Whether you rewrite from scratch or work with the legacy code, it's your job as the programmer to understand and document all of the tweaks, bug fixes, edge conditions, and obscure environments. If there aren't comments in the existing code to explain these things, then it's your job to understand why the code is doing what it is doing, and add the comments as needed. If the code isn't clear, it's your job to make it clear.
The author correctly points out that when you do a total rewrite, then the undocumented special cases handled by the old code will make themselves felt. As these problems present themselves, it takes time to fix them. However, you also get the opportunity to understand the undocumented special cases and get them clearly coded and properly documented, which reduces maintenence costs over the long term. Your judgment whether to maintain or to rewrite should take both of these factors into consideration.
Elegant as it may be, that version of quicksort is so slow that (IIRC) even the Haskell documentation suggests against using it in "real" code.
Personally, I think the C++ way is even easier to read, and it has the benefit of being really fast:
sort(xs.begin(), xs.end());
Maybe not
Agreed. And you have to change code anyway when you're moving functions that are defined elsewhere, so the code does change.
The key idea though is, you have an array of visual cues that tell you instantly this code still needs to be refactored. These cues often can be removed in bulk, even automated with scripts. Indentation for example. Or use of deprecated functions. Certain types of comments. It's attractive to do these bulk cleanups because they give the overal code a healthier outlook. But they remove the cues. The actual rule would more be something like "don't work on cosmetics".
I respectfully disagree. Consider a piece of code that has 8 levels of nesting. With a judicious use of short variable names, parentheses, and curly braces, it is possible to make it *look* not so bad in the original code. It might look like there's only a half dozen levels. With a pretty printer, nesting LOOKS exactly as nesting IS. At a *GLANCE* I can see where things are getting hairy.
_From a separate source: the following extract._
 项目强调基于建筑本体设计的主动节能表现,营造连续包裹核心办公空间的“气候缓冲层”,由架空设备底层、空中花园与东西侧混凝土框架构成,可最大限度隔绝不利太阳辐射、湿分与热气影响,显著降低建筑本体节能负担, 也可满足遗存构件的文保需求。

That does NOT mean that it must be refactored. Only that it is an area that may be worthy of additional consideration.
On second thought, nothing says this is a black-or-white choice. If it works for you to print out code as is, great! My experience has been that a pretty printer can be helpful. YMMV.
The Netscape browser, like the company that made it, indeed ended up a failure. And my pals who were there at the time tell me that the poor code quality was a major factor in the inability to get anywhere. How long did it take between the last decent release of Netscape and the 1.0 release of Firefox? Four years? Six? I guess it depends on what you consider the last decent release. No matter how you count it, though, there were years of thrashing trying to get something based on the old code out the door. Eventually, they just gave up.
Firefox is a big success now, but Netscape was a giant crater of a failure during a crucial period, leaving Microsoft effectively unopposed in their attempts to take over the browser market.
This happens to me pretty regularly if I write a section of code, wait three months, and then read it again.
It's happening less frequently though, so perhaps my skill level is leveling out.
Either that or I'm stagnating.
kaens.blogspot.com
Do you want to encourage people to inline their functions manually, and not divide things into small, cute trivial functions?
Is this a misguided attempt to increase efficiency?
Well the obvious problem with the analogy is that you're not finding needles in a haystack - you're looking for hay in a haystack.